The Scope of Work must include all applicable Florida Product Approval numbers for all roof components that
will be installed on the project.
A permit will not be issued without these documents. Copies will be made to post on the job site.
Projects located in the Sanford Historic District will require plan review and approval by the Sanford
Historic Preservation Board
INSPECTION POLICY & PROCEDURES
A Final Roof Inspection is the only inspection required for Residential (Single Family, Townhouse, Mobile
Home, Apartment and/or Condominium) Re -Roof Permits.
The Following is required to be provide on the job site:
Permit Card, posted in a conspicuous and weatherproof location
Completed Residential Re -Roof Scope of Work
Completed and Notarized Inspection Affidavit
All Florida Product Approval and Corresponding Installation Instructions
Product Approval shall match what is on the scope of work)

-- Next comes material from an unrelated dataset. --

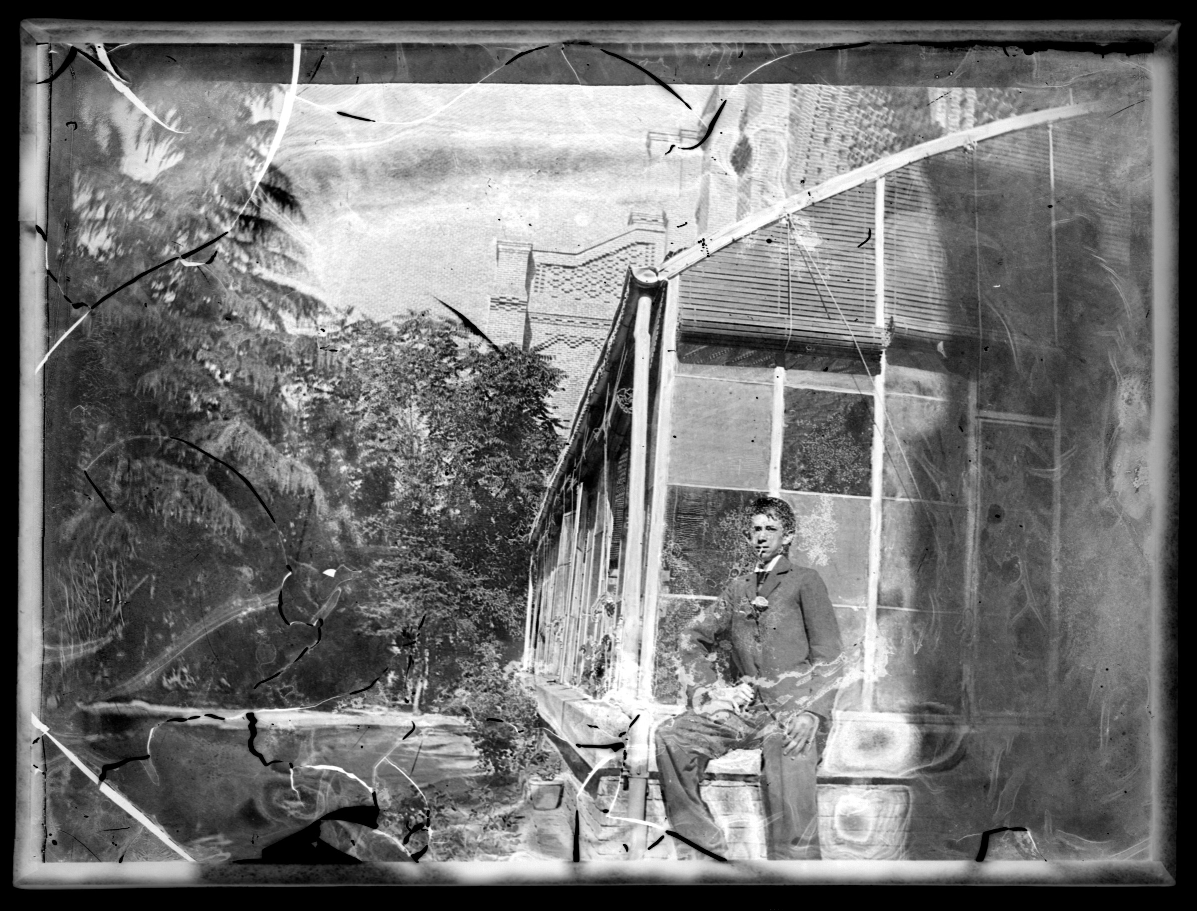 | Retrato de hombre con boina, fumando un cigarrillo y con una flor en el pecho; en su parte trasera se puede ver un edificio que parece una galería o invernadero |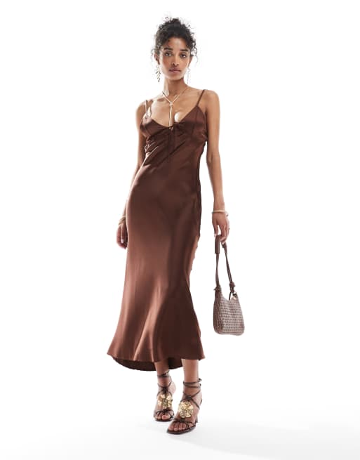 Bershka - Robe longue en satin nouée sur le devant - Marron

Digital Photographs (must include the permit number or address in each picture)
o Each plane of the roof, showing the underlayment installed
o Roof Deck Nailing Pattern & Spacing (including a measuring device or ruler)
o Roof Deck Nails used (including a measuring device or ruler showing size of nails)
o Underlayment Pattern & Spacing (including a measuring device or ruler)
o Drip Edge & Valley Attachment (including a measuring device or ruler)
o Shingles installed, nail pattern and location of nails
Skylights (if applicable)
o Digital photographs showing all installation components, per FL Product Approval
o Digital photographs showing all required flashing, per FL Product Approval
Failure to follow these specific guidelines will result in an affidavit provided by a Florida Design
Professional (architect or engineer), certifying FBC code compliance by personal inspection.